The following post comes to us from Craig Brown of the Department of Finance at the National University of Singapore.
In the paper, Campaign Contributions and Governmental Financial Management: Evidence from State Bond Pricing, which was recently made publicly available on SSRN, I study campaign-finance agency costs related to pricing in the $2.9 trillion state and local government bond market. By selecting a contributing underwriter directly, the government could incur significant costs with respect to government bond underpricing. There is no comparable impact when an underwriter is chosen through an auction. Through the use of a control function approach, I show that the decision to select a contributing underwriter is endogenous to first-day returns. When underpricing is expected, the government’s propensity to choose a contributing underwriter decreases as expected underpricing increases. This evidence supports the idea that there are significant agency costs associated with campaign contributions and the evidence remains robust after a battery of checks.

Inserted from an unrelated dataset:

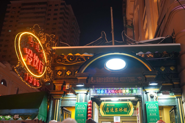 日照时间短,下午4、5就天黑了,回到中央大街干晚饭,夜景是蛮好看的,就是晚上太冷了~尽管如此,马迭尔冰棍真的好好吃哦~
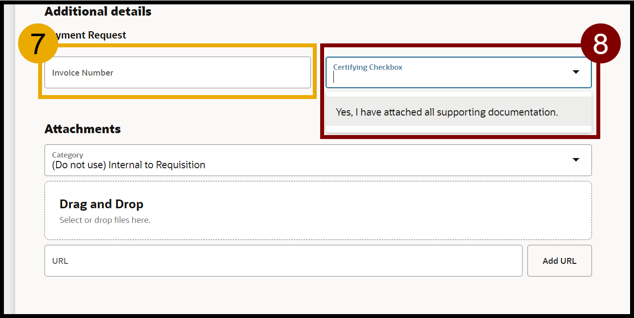 - If the supporting document has an invoice number, make sure to enter it in the Invoice Number field to prevent the invoice from being paid multiple times.

This paper’s results lend support to the political agency cost model. Consistent with the common assertion that the election is the primary disciplining mechanism for political executives in a political agency cost model (Besley, 2006), the likelihood that a contributing underwriter is chosen is decreasing in the closeness to the next election. Consistent with the idea that laws can discipline politicians directly and through taxpayer monitoring, the likelihood that the government does not choose an auction to select an underwriter is decreasing in the quality of conflict-of-interest laws and freedom-of-information laws; the likelihood that the government chooses a contributing underwriter is decreasing in the quality of freedom-of-information laws.